I tre saranno protagonisti di una serie di rocambolesche avventure che li porteranno alla meta, oltre che a formare una nuova famiglia.
Da un artigiano specializzato in action e film di cassetta come da sempre è stato il tenace e attivissimo Jack Lee Thompson, l'astuta Cannon dei due famigerati Golan/Globus decide di creare un filone che segua le tracce dei primi due fortunati film su Indiana Jones di Steven Spielberg. 

Per far questo, utilizzano e stravolgono il celebre romanzo di H. Rider Haggard, Le miniere di Re Salomone, già trasposto tre volte prima del loro intervento, ed inscenano un fantasy in costume con tanto di nazisti bonari ed imbranati (a capo dei quali troviamo un macchiettistico e fantozziano Herbert Lom), musiche strombettanti a non finire a cura di Jerry Goldsmith, trabocchetti e tranelli, natura selvaggia e un tentativo di suspence che, qui, con la povertà di mezzi e l'incapacità di fare cinema con la maestria di un grande come è Spielberg, diviene una farsa piena di ripetizioni e puerile come una storiella per bambini.
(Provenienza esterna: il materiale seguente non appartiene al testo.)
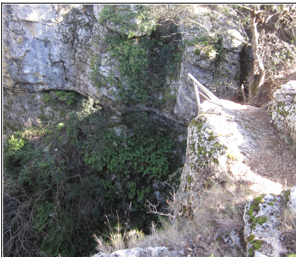
Les abords du gouffre
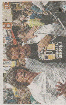
Avec Bouldou, ils font la paire ■ GDS

me il l'avait déjà fait dans le cadre de notre série spéciale Cloclo. Le public a bien ri. Delaude nous a prouvé une fois de plus que "trop is
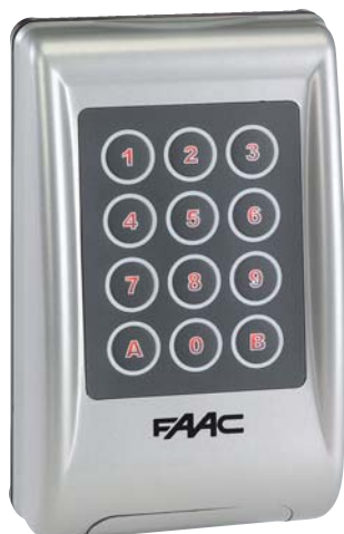
868 SLH RÁDIÓS KEZELŐ

Richard Chamberlain, pur non più fresco come un ragazzino, preserverebbe pure il physique du role per renderlo adatto al ruolo dell'affascinante avventuriero, mentre Sharon Stone, all'epoca in cerca di consacrazione (e, per ironia della sorte, vicina a raggiungere quel divismo assoluto che le sue rivali nei film ben più strutturati e validi della serie originale di Indiana Jones, invece mai riuscirono ad ottenere, a partire da Karen Allen alla Kate Capshaw andata in sposa al regista Steven), si agita come una scimmietta per tutto il film, ostentando una simpatia che finisce per renderla un tormentato, seppur incantevole burattino.
Effetti speciali al risparmio, e si vede, non fanno che rimpiangere l'originale saga spielberghiana, rinnovando la nostra diffidenza ormai ampiamente sperimentata, riguardo ai film sfornati dalla scaltra ma incauta equope della Cannon.